New concerns come to light on robotic surgeries
In early March 2009, Erin Izumi, a woman in her 30s from Tacoma, Wash., underwent robotically assisted surgery to treat endometriosis. The operation at Franciscan Health System dragged on for nearly 11 hours.
Ten days later, Izumi was rushed to an emergency room, where doctors discovered that her colon and rectum had been torn during the operation. She was hospitalized for five weeks, undergoing a series of procedures to repair the damage, including a temporary colostomy, according to her attorney, Chris Otorowski.
But even though medical device manufacturers and hospitals are required to report every device-related death and serious injury to a database maintained by the Food and Drug Administration within 30 days of learning about an incident, no report about the case was made in 2009. Hospital officials declined to comment, and a spokeswoman for the manufacturer said it became aware of the incident only when Izumi filed a lawsuit. It disputed the claim and settled the case in May 2012.
That was not the only lapse in reporting problems with robotic surgical equipment, a new study has found.
The equipment, called the da Vinci system, is made by Intuitive Surgical Inc. of Sunnyvale, Calif. It has been on the market for more than a decade; more than a million procedures have been performed with it. Between January 2000 and August 2012, thousands of mishaps were reported to the FDA. In the vast majority of cases, the patient was not harmed, but among the reports were 174 injuries and 71 deaths related to da Vinci surgery, according to a study published recently in The Journal for Healthcare Quality.
Yet by combing news reports and court records, researchers at Johns Hopkins were able to find examples of botched operations that were not reported to the agency.
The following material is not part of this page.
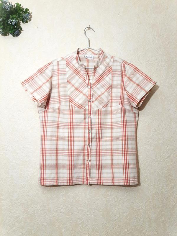 Рубашка женская летняя, в клетку белая серая красная, короткие рукава, воротник-стойка. Бренд Gina Benotti. Маркировка размера L. Состав 75% хлопок, 25% полиэстер. Отличное качество ткани. Не трикотаж. Нет стрейча. Идеальное состояние. Замеры: длина спереди с начала плеча 65см, длина плеча 13см, ширина 2-х плечей 42см, длина рукава 16,5см, полуобъем по линии груди 55см, полуобъем по линии низа 57см. !!! Рекомендую всегда сравнивать с личными измерениями и одеждой. Посмотрите и другие Мои объявления с разной чудесной одеждой для всех. Подписывайтесь, если интересны новые объявления. Несколько покупок сразу - объединяю все в одну посылку. Посилки присылаю Укр-почтой, Новой почтой, Rozetka, Meest.

They concluded that adverse events associated with the da Vinci were “vastly underreported.”
It is fairly well known that reports made to the FDA represent only “the tip of the iceberg” of surgical complications and adverse drug reactions, said Diana Zuckerman, the president of the National Research Center for Women and Families and an expert on the safety of medical devices, who was not involved in the study. The consequence is that little is known of the real disadvantages of the equipment, and the injuries and deaths it may cause, even as robotic surgery is widely marketed to consumers, Zuckerman said.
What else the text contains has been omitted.